> **Recorded data**:
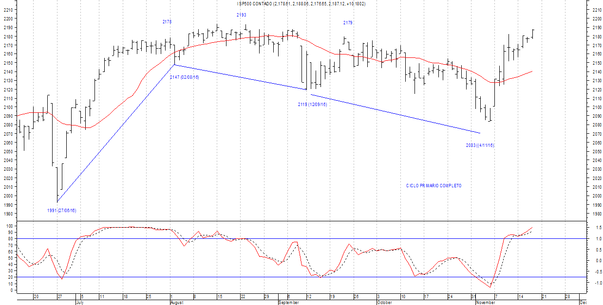 El ciclo natural, aquel al que determinados índices tienden a replicar, entrará en su tercera semana, la tendencia es alcista hasta la cresta de su primera mitad. Cabe una pausa intermedia entre el inicio de ciclo y la 1ª cresta, técnicamente dentro de la primera quincena de diciembre.
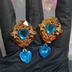 ライトブラウンのクリアパーツと相性の良いアクアブルーハートの少しゴージャスなピアス。フラメンコ等のアクセサリーとしてもお使い頂けるかと思います こちらは挟んで着用するタイプのピアスになりますのでキャッチはお付けしておりません。必要な場合はご連絡下さい 全長:約4.5cm 重さ:片耳約7g ※異素材の為、はんだ付けではなく接着剤を使用しております。接着面が小さいとパーツが取れやすいので、接着剤をはみ出して付けている場合があります。ピアスキャッチ部分を開く際は、本体とアクセサリーパーツの接着部分を押さえながらご着用下さい ※強い力をかけたりぶつけたりするとパーツが取れる可能性があります。取り扱いにはご注意下さい
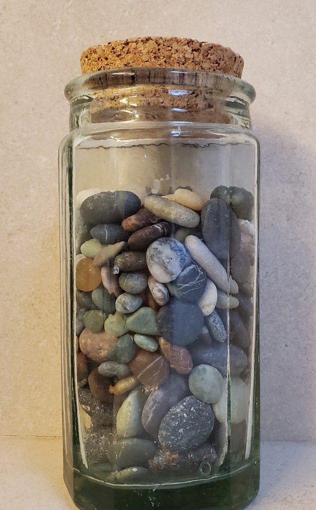 This idea came to me whilst taking a walk on a misty morning. I was thinking about a jar of pebbles I have collected and what will it take to get me to stoop down and pick up a new one? What makes me pick up that pebble and not this one? What makes some bit of writing more appealing, more tangible than another?
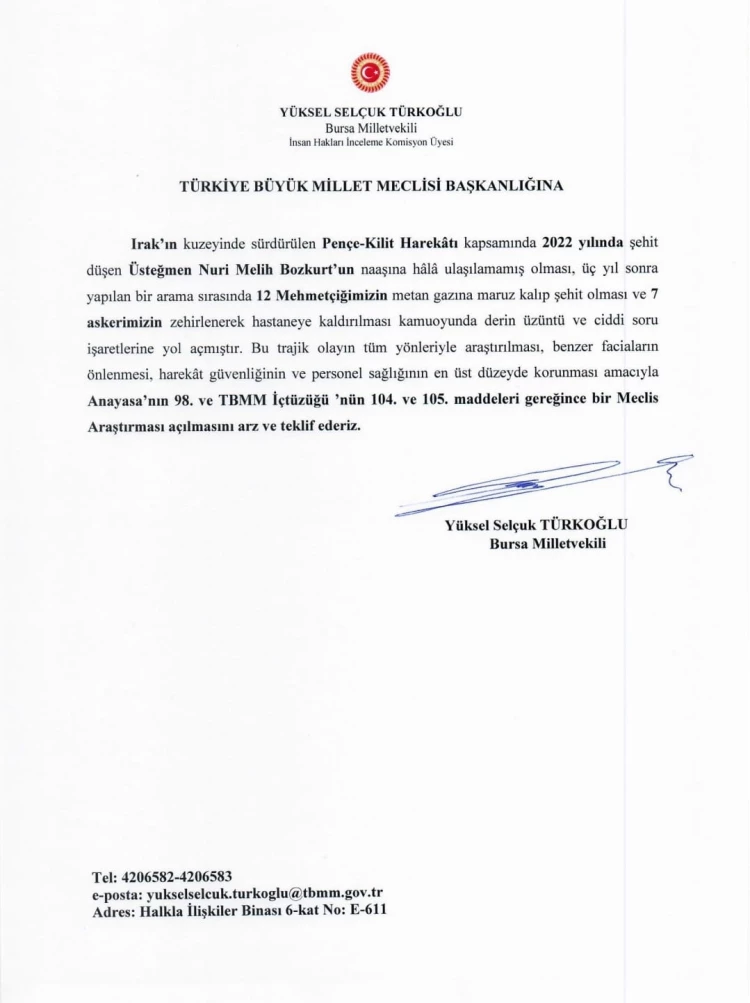 Irak’ın kuzeyindeki Pençe-Kilit Harekâtı’nda, metan gazına maruz kalarak 12 askerin şehit olduğu olay, İYİ Parti Bursa Milletvekili Selçuk Türkoğlu tarafından TBMM gündemine taşındı. Türkoğlu, ihmaller zincirini sorgulayan 14 soruluk önerge ve Meclis araştırma talebiyle, facianın aydınlatılmasını istedi.
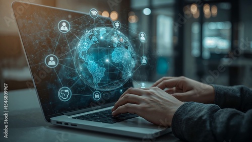 A holographic AI interface with global and network icons emerges from the laptop. Hands type on the keyboard,
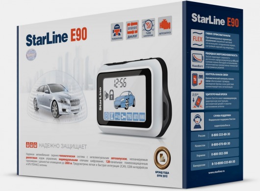 Автосигнализация StarLine E90 GSM, новинка 2013 года — это не просто охранная система, это охранно-телематический комплекс, в основе которого несканируемый диалоговый код управления. В комплекте есть SIM-карта. Широкий функционал, включающий в себя функцию автозапуска, позволит создать из вашего автомобиля неприступную крепость. Дальность действия — до 2000 метров.
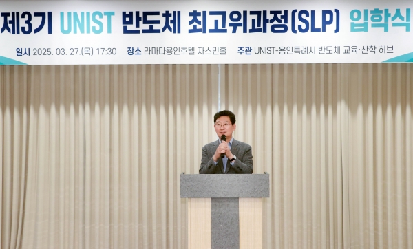 [광성일보] 용인특례시(시장 이상일)는 국내 유일 반도체 소재‧부품 특성화대학원 울산과학기술원(이하 UNIST)과 함께 ‘반도체 최고위 제3기 과정’을 시작한다고 28일 밝혔다.시는 지난 2023년 11월 반도체 전문 인력 양성을 위해 UNIST와 ‘반도체 교육·산학 허브 구축을 위한 업무협약’을 맺고 ‘반도체 최고위 과정’을 마련해 운영 중이다.‘반도체 최고위 제3기 과정’에 참여한 수강생들은 14주 동안 매주 목요일 반도체 기술 동향과 리더십 및 경영 전략, 예술·교양 강의를 이수한다.27일 저녁에 열린 입학식에는 이상일 용인특례시장과 안현실 UNIST 부총장, 최고위 과정 2기 수료생과 3기 수강생 등 20여 명이 참석했다.
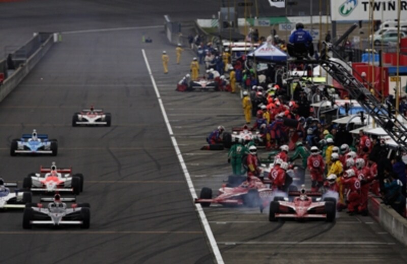 | コーションラップ中にピットレーンがオープンになると給油、タイヤ交換のためにマシンが一挙にピットインしてくる。レース終了までの燃費の計算をし、このあとのレース中にコーションが出る可能性も加味しながらカケに出て、ピットインしない=ステイアウトするドライバーも出てくる。この作戦の違いがレースの結果をさらに面白いものにするので、誰がどのタイミングで入ったかステイアウトしたかはキッチリと把握しながら観戦したものだ。 【写真提供:MOBILITYLAND】 |
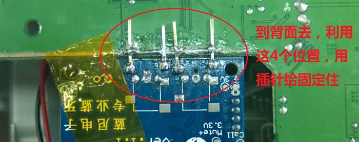 回到功放板的正面,用两个插针把地连接起来,也可以起固定作用, 另外几个信号用细线飞线解决。
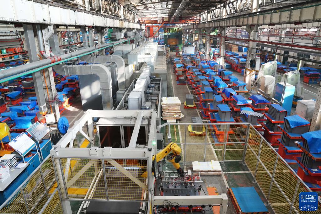这是哈电集团哈尔滨电机厂有限责任公司的数控自动涂漆生产线(11月17日摄)。
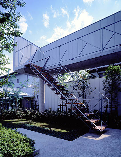 2階ダイニングテラスよりブリッジを渡り階段を降り、1階のプライベートゾーン
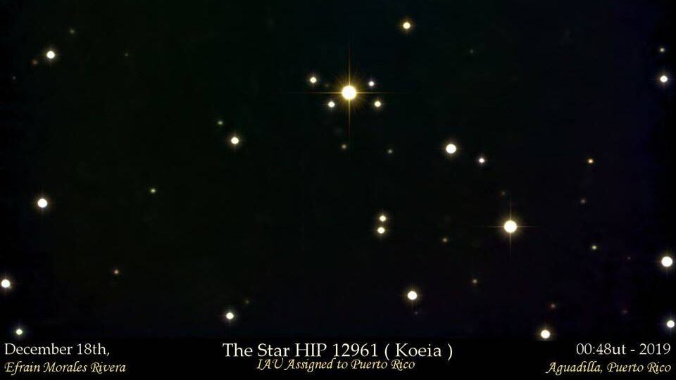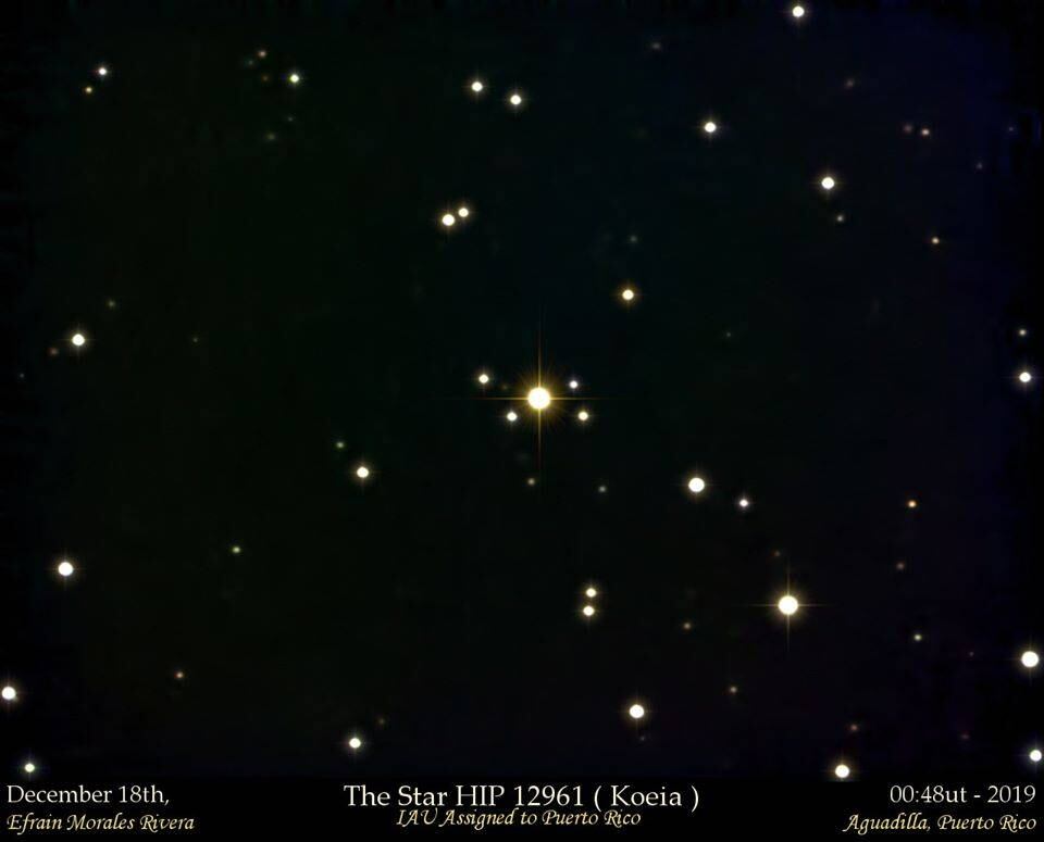 A Puerto Rico se le asignó la estrella “HIP 12961” y luego de una selección de varios nombres propuestos, mediante votación se escogió el nombre de “Koeia” para dicha estrella, mientras que un planeta que la orbita ha sido llamado “Aumatex”.
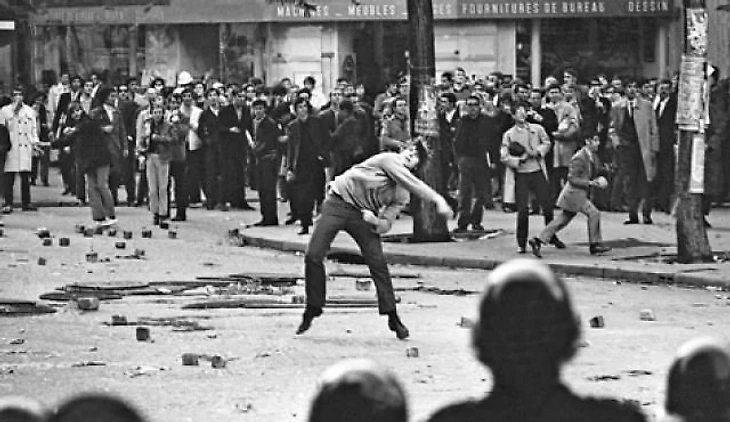 [5] Ма́йские собы́тия 1968 года, или «Кра́сный май» или Май 1968 (фр. Mai 68) — социальный кризис во Франции, начавшийся с леворадикальных студенческих выступлений и вылившийся в демонстрации, массовые беспорядки и почти 10-миллионную всеобщую забастовку. Привёл в конечном счёте к смене правительства и отставке президента Шарля де Голля.
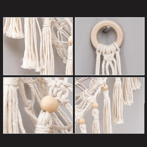 PRAKTYCZNY I BOHO DEKORACYJNY: z naturalnymi drewnianymi koralikami i pierścieniami, frędzlami dodają niewykorzystanych kątów pokoju, frędzel, makrama pluszowa siatka hamakowa z chwostem jako dekoracja.
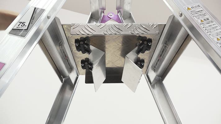 【EX-STEP】エクステップは、脚立片側のステップに装着することにより、スマートに収納することができます。
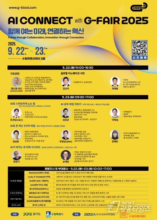 [광흥타임즈 = 조수제 기자] 경기도는 22일부터 23일까지 수원컨벤션센터에서 인공지능(AI)과 실생활의 융합을 주제로 한 ‘AI Connect with G-FAIR 2025(에이아이 커넥트 위드 지페어)’를 개최한다.
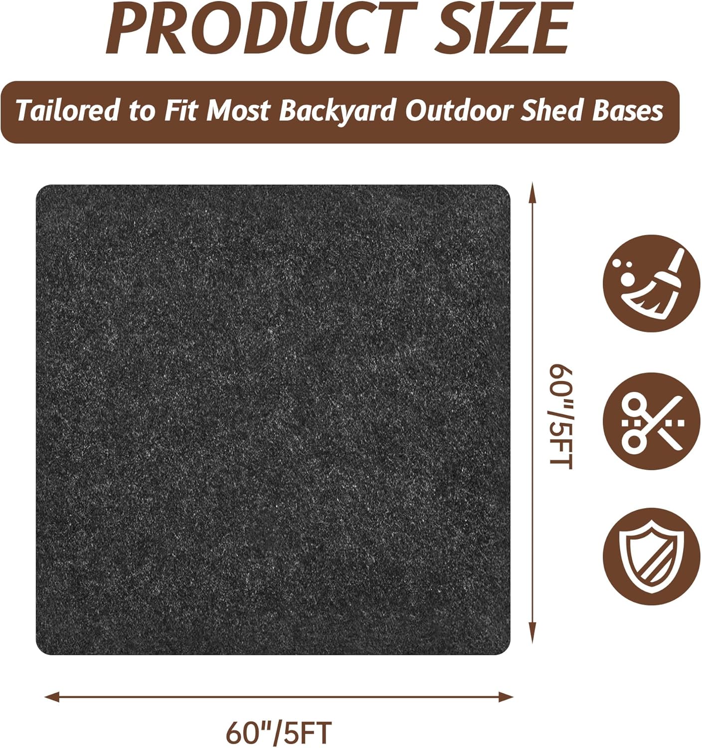 - Fits Standard 5x5 ft Applications: Measuring approximately 60 x 60 inches, this mat is compatible with most 5x5 ft outdoor storage bases. Note: Shed or props shown in images are not included with the product
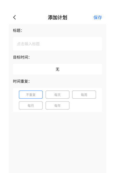 3、进入添加计划编辑页,填写计划标题、设定创作时间、标注创作目标,核对无误后点击右上角保存,即可完成专属拼豆创作日程添加。
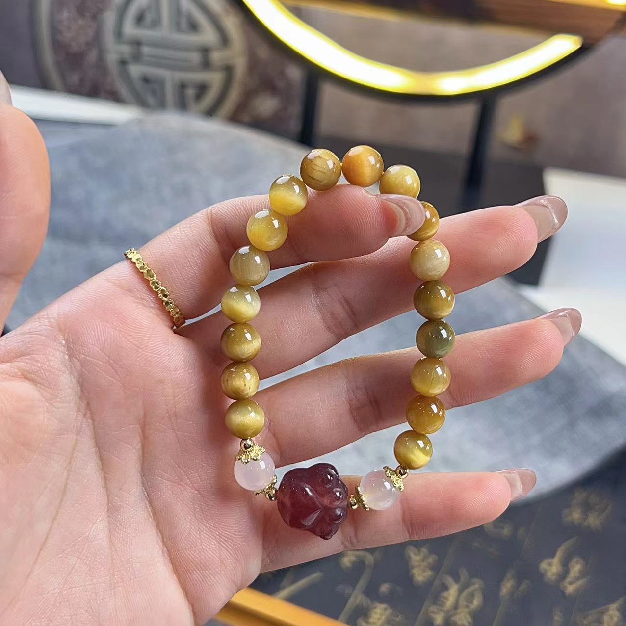 艶やかなタイガーアイと、ほんのりピンクのストロベリークォーツを組み合わせた招き猫付きブレスレット。
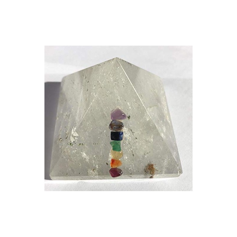 Reiki Healing Energy Charged Large Clear Quartz Reiki Crystal Pyramid with Chakra Gems (5.2 x 5.2 x 5.2cm))
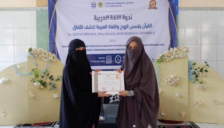 سوكابومي, إندونيسيا اليوم – ألقت خمس طالبات من المستوى الأخير بجامعة الراية محاضرات في ندوة اللغة العربية بعنوان “بالقرآن يلامس الروح، واللغة العربية تكشف الآفاق” بمعهد الترتيل، صباح يوم الجمعة (14/2/2025). شهدت الندوة حضور عشرات الطالبات من معهد الترتيل وأستاذاتهن، اللواتي أبدين حماسًا كبيرًا لمتابعة الموضوعات التي طرحتها المحاضِرات.
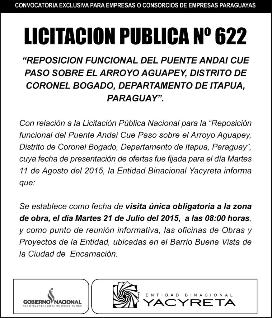 Licitación Pública Nacional Nº 622 (Aclaratoria)
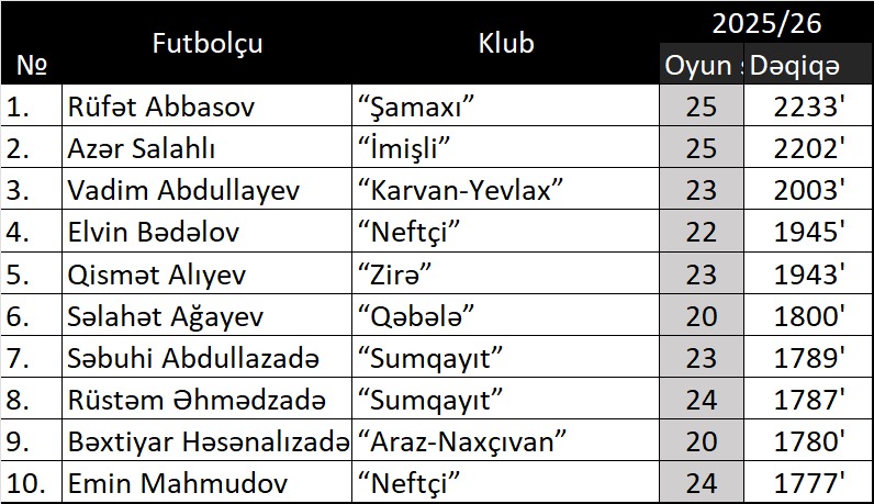 Sonda isə cari mövsüm Azərbaycan çempionatında meydanda ən çox olan yerli futbolçuları sizə təqdim edirik:
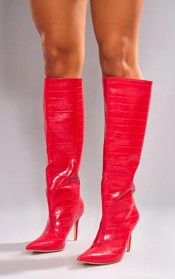 Get ready to make a serious style statement in these red PU croc detail point toe stiletto heeled knee boots. Brought to you in a red hue PU croc material with a point toe design, stiletto heels and a knee high fit, how can you not be obsessed? You are sure to make heads turn in these red boots. Simply add to your weekend ‘fit for a fierce finishing touch.
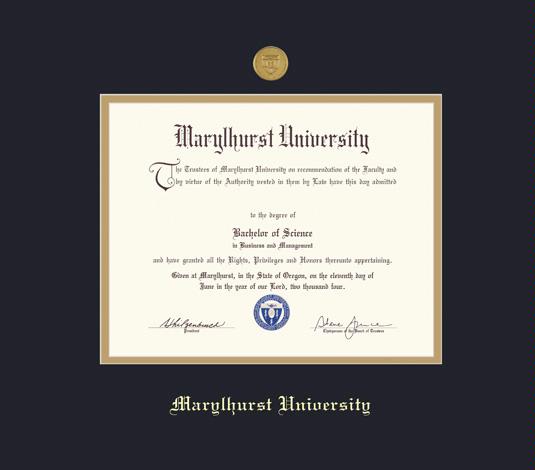 Marylhurst University Diploma Frame with Medallion and Black and Gold Double Mat and Gold Embossing
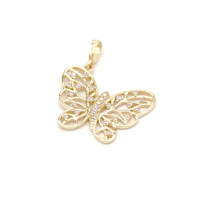 Zlatý dámský přívěsek motýl zdobený zirkony ze žluté zlata.
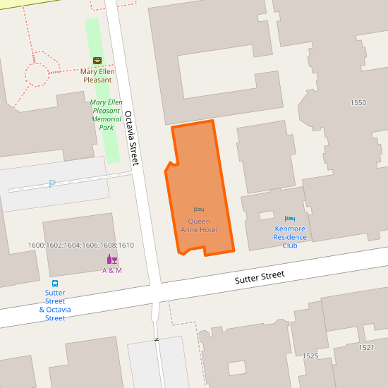 Address : Queen Anne Hotel, Sutter Street, Western Addition, San Francisco, CAL Fire Northern Region, California, US-CA, 94109, United States
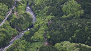 骨の一部が発見されたキャンプ場周辺=山梨県道志村で2022年4月27日午前10時1分、本社ヘリから
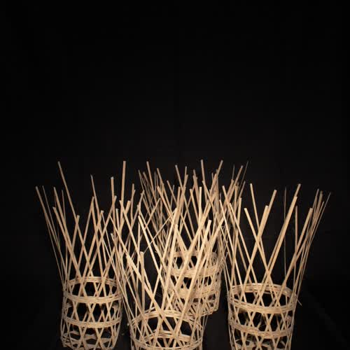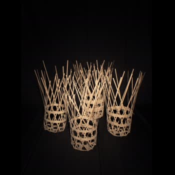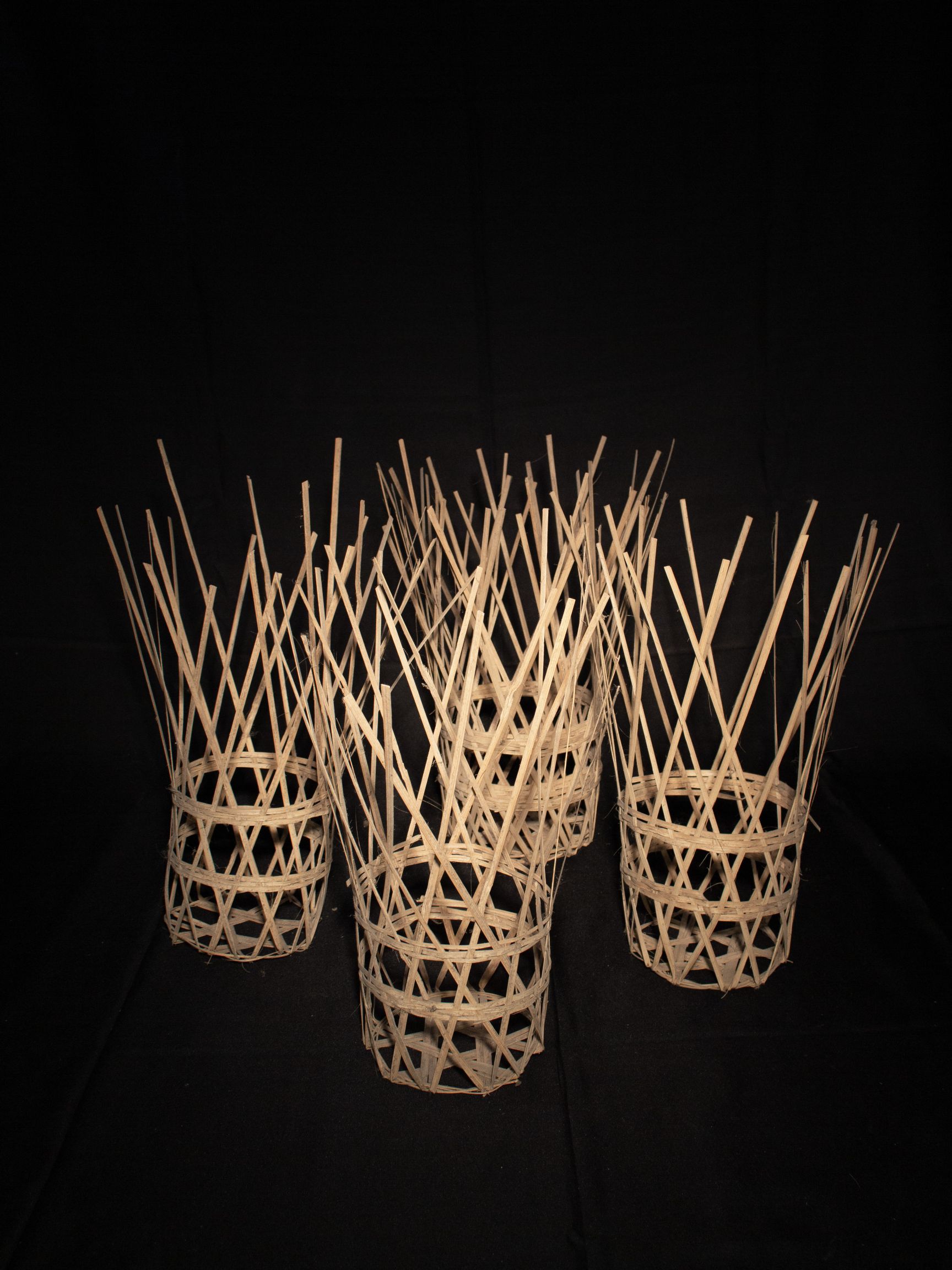 | คำอธิบาย : ก๋วยสลาก เครื่องจักสาน สานด้วยตอกไม้ไผ่ สานห่าง ๆ ให้เห็นเป็นช่องไฟเหมือนดาว 5 แฉก มี 5 ชิ้น ชิ้นเล็ก 3 ชิ้น ชิ้นใหญ่ 2 ชิ้น ด้านบนปล่อยตอกไว้ไม่มีการสาน ใช้ใส่เครื่องสัการะในงานสลาก |

> **Task to carry out**: Start at the line containing "PRAKTYCZNY I BOHO" above and stop at the line containing "骨の一部が発見されたキャンプ". Output those lines exactly, both included, but none of the pictures.

> **Result below**:
 PRAKTYCZNY I BOHO DEKORACYJNY: z naturalnymi drewnianymi koralikami i pierścieniami, frędzlami dodają niewykorzystanych kątów pokoju, frędzel, makrama pluszowa siatka hamakowa z chwostem jako dekoracja.
 【EX-STEP】エクステップは、脚立片側のステップに装着することにより、スマートに収納することができます。
 [광흥타임즈 = 조수제 기자] 경기도는 22일부터 23일까지 수원컨벤션센터에서 인공지능(AI)과 실생활의 융합을 주제로 한 ‘AI Connect with G-FAIR 2025(에이아이 커넥트 위드 지페어)’를 개최한다.
 - Fits Standard 5x5 ft Applications: Measuring approximately 60 x 60 inches, this mat is compatible with most 5x5 ft outdoor storage bases. Note: Shed or props shown in images are not included with the product
 3、进入添加计划编辑页,填写计划标题、设定创作时间、标注创作目标,核对无误后点击右上角保存,即可完成专属拼豆创作日程添加。
 艶やかなタイガーアイと、ほんのりピンクのストロベリークォーツを組み合わせた招き猫付きブレスレット。
 Reiki Healing Energy Charged Large Clear Quartz Reiki Crystal Pyramid with Chakra Gems (5.2 x 5.2 x 5.2cm))
 سوكابومي, إندونيسيا اليوم – ألقت خمس طالبات من المستوى الأخير بجامعة الراية محاضرات في ندوة اللغة العربية بعنوان “بالقرآن يلامس الروح، واللغة العربية تكشف الآفاق” بمعهد الترتيل، صباح يوم الجمعة (14/2/2025). شهدت الندوة حضور عشرات الطالبات من معهد الترتيل وأستاذاتهن، اللواتي أبدين حماسًا كبيرًا لمتابعة الموضوعات التي طرحتها المحاضِرات.
 Licitación Pública Nacional Nº 622 (Aclaratoria)
 Sonda isə cari mövsüm Azərbaycan çempionatında meydanda ən çox olan yerli futbolçuları sizə təqdim edirik:
 Get ready to make a serious style statement in these red PU croc detail point toe stiletto heeled knee boots. Brought to you in a red hue PU croc material with a point toe design, stiletto heels and a knee high fit, how can you not be obsessed? You are sure to make heads turn in these red boots. Simply add to your weekend ‘fit for a fierce finishing touch.
 Marylhurst University Diploma Frame with Medallion and Black and Gold Double Mat and Gold Embossing
 Zlatý dámský přívěsek motýl zdobený zirkony ze žluté zlata.
 Address : Queen Anne Hotel, Sutter Street, Western Addition, San Francisco, CAL Fire Northern Region, California, US-CA, 94109, United States
 骨の一部が発見されたキャンプ場周辺=山梨県道志村で2022年4月27日午前10時1分、本社ヘリから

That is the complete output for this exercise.